The data shows the total value of outstanding loans reduced slightly from Q4 2010 to £1,212bn in Q1 2011. Alongside this new advances in the first quarter totalled £33bn, 10% lower than in Q4 2010 but 3% up on the amount advanced in Q1 2010.
New commitments totalled £35bn, 1% up on last quarter and 3% up on Q1 last year. Lending for house purchase represented a reduced share of new lending this quarter, accounting for some 54% of new advances and 52% of new commitments.
The proportion of new lending done at an LTV of more than 90% fell below 2% for the first time since Q1 last year and new lending with a combination of high LTV and high income multiple also fell, to just below 1% of new lending.
The proportion of loans to borrowers with an impaired credit history remained at 0.3%; it has been at this level since Q3 2009.
The number of new arrears cases in Q1 was 35,600, 8% lower than last quarter with the total number of accounts in arrears at the end of the quarter standing at 337,000, 2% down on last quarter and 7% down on Q1 2010.
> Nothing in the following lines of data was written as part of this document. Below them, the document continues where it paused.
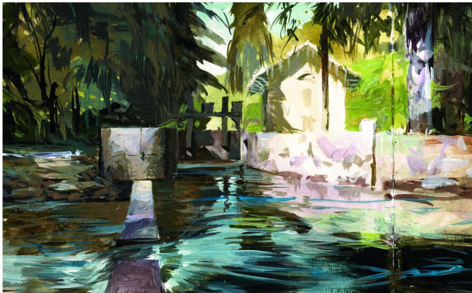
Illustration © Christophe Pons-Capitaine

13 avril - 15 mai Mairie / Labastide St-Georges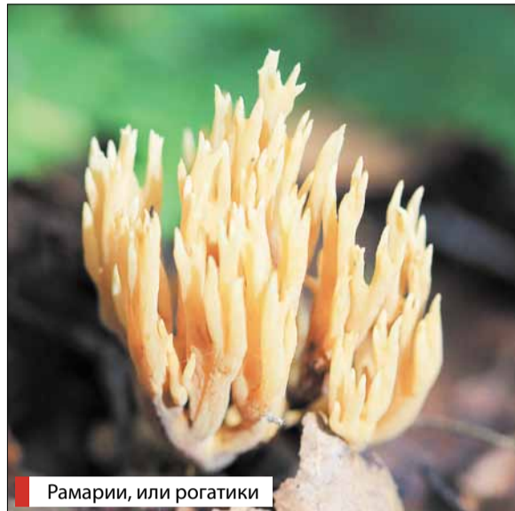
Рамарии, или рогатики

Непривычной формы гриб совершенно бесполезен в отношении кулинарии. Да и пробовать мутинус вряд ли кто-либо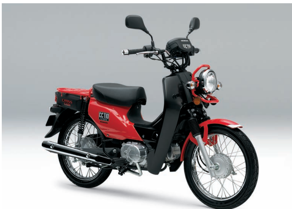
車体色：ファイティングレッド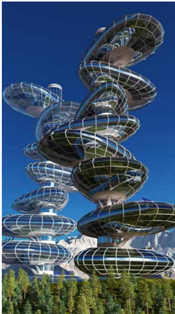
Дома будущего

Для общественных систем циклы тоже имеют четырехэтапность. Обычно они имеют продолжительность 4 года для первого вида циклов (причем четвертый – високосный год, самый «пакостный» по народным поверьям); для второго вида 10–12 лет (три периода по 4 года, это совпадает с периодичностью солнечной активности). Кроме того, известны и длинные так называемые имперские циклы – 144 года (третий вид), состоящие из четырех 36-летних периодов с разной степенью мутаций цивилизационных систем. Эти 36-летние этапы являются, с одной стороны, объединением трех циклов второго вида, а с другой – со-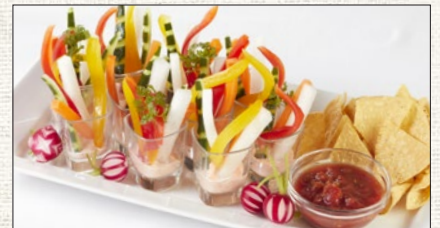
ベジタブルスティック (約10名様分) Vegetable sticks (for 10set)

税抜 ¥4,000 (税込 tax incl. ¥4,400) tax excl.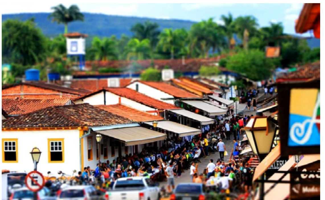
O Festival conta com o apoio do SINDTUR (Sindicato de Turismo e Hospitalidade de Goiás) e da São Bento Produções

Além da participação de chefs locais, o evento receberá renomados chefs da culinária nacional, como Jimmy Ogro e Carlos Bertolazzi. Estão programadas aulas-show e atividades interativas com a comunidade, enriquecendo ainda mais a experiência gastronômica e cultural do festival.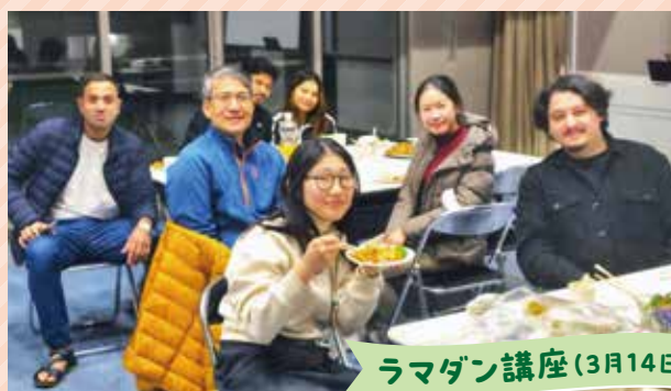
ラマダン講座(3月14日)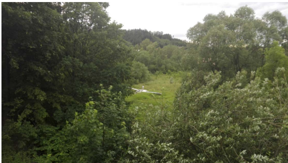
Obr. č. 1: Pohled z jihu na místo přistání ze směru přiletu

Pilot kluzáku provedl jeho vypnutí od vlečného letounu západně od horského masivu Ondřejník ve výšce 1000 m AMSL. Po několika minutách letu dostoupal na výšku 1200 m AMSL a zahájil přiblížení na LKFR. Po přelétnutí vrcholu Ondřejník se kluzák dostal do extrémně silného klesání, které znemožnilo dolétnutí na plánované letiště. Pilot doslova uvedl: „Ondřejník jsem přelétl zhruba v prodloužené ose dráhy LKFR. Následovalo mimořádně silné klesání, které odhaduji na 10 až 20 m·s -1 , protože variometry ukazovaly maximální hodnoty na stupnicích. Po vytracení zhruba poloviny výšky mě bylo již jasné, že na letiště nedoletím a tak jsem kluzák stácel na sever, kde byly možné plochy na přistání do terénu. Během dalších několika desítek sekund mi bylo jasné, že při tomto opadání nedosáhnu na slušnou plochu na přistání. Jako jediná, na kterou možná doletím, se mi zdála loučka za stromořadím u nájezdu na čtyřproudou komunikaci z Frenštátu do Frýdku. Opadání s přibližujícím se povrchem sláblo a kluzák prolétl vrchními větvemi stromořadí a dopadl za toto stromořadí do měkkého terénu“.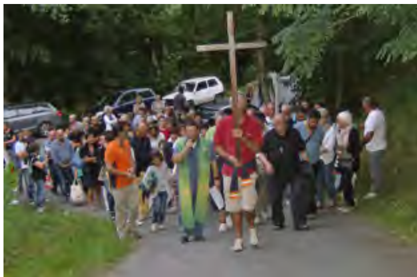
La partenza della Via Crucis verso la Rocca

A Rocca Soraggio, in comune di Sillano, a ridosso di ferragosto con le sue sagre ed il suo consumismo, è stata promossa, invece una serata di preghiera e di meditazione, alla riscoperta dei veri valori della vita. Promotori tanti giovani dell'alta Garfagnana, a cominciare da quelli della Valle di Soraggio e Sillano, sotto la guida di don Giorgio Simonetti e del parroco don Pietro Fortini, che hanno promosso lo svolgimento di una Via Crucis che si è snodata lungo la strada comunale che sale all'antica chiesa di Rocca

Consequently, the proportion of the residential loan book that is in arrears, and hence not fully performing, also fell, to 2.88%.
The number of new possessions in the quarter rose for the first time in a year, up 17% to 9,613.
Arrears totalling £34m on 12,916 accounts were capitalised in Q1.
Paul Hunt, managing director of Phoebus Software, said: “Although total lending fell in Q1, this was primarily a result of seasonal factors and the comparison with Q1 2010 is more revealing.
“While still relatively cautious, there are indications lenders are feeling increasingly confident as borrower finances improve - the total number of accounts in arrears fell significantly compared to Q1 2010.
“Borrowers are benefiting from very low repayment rates, which have allowed them to haul themselves out of difficulty.
“Given that it now looks unlikely that rates will rise before 2012, lenders have responded with cautious optimism about borrowers finances, which will provide a much needed boost to the stagnant property market.”
David Brown, commercial director of LSL Property Services, added: “Record low interest rates played the crucial role in putting a ceiling on arrears and repossessions over the past two years by keeping monthly mortgage payments exceptionally low. But the FSA's latest lending data shows that the soaring cost of living is starting to take its toll on mortgage holders’ household budgets and their ability to meet their monthly mortgage commitments.
“In the first quarter of 2011, possessions were up 17% compared to the previous quarter alone. As inflation continues to soar and we begin to see the impact of public spending cuts ripple through the labour market, borrowers’ budgets will come under increasing strain and the number of homes facing repossession is unlikely to fall away. Thousands have been granted a temporary reprieve by record low interest rates, but it is crucial that when the Bank rate is hiked, borrowers have their finances in order and are not taken unawares by higher monthly costs.”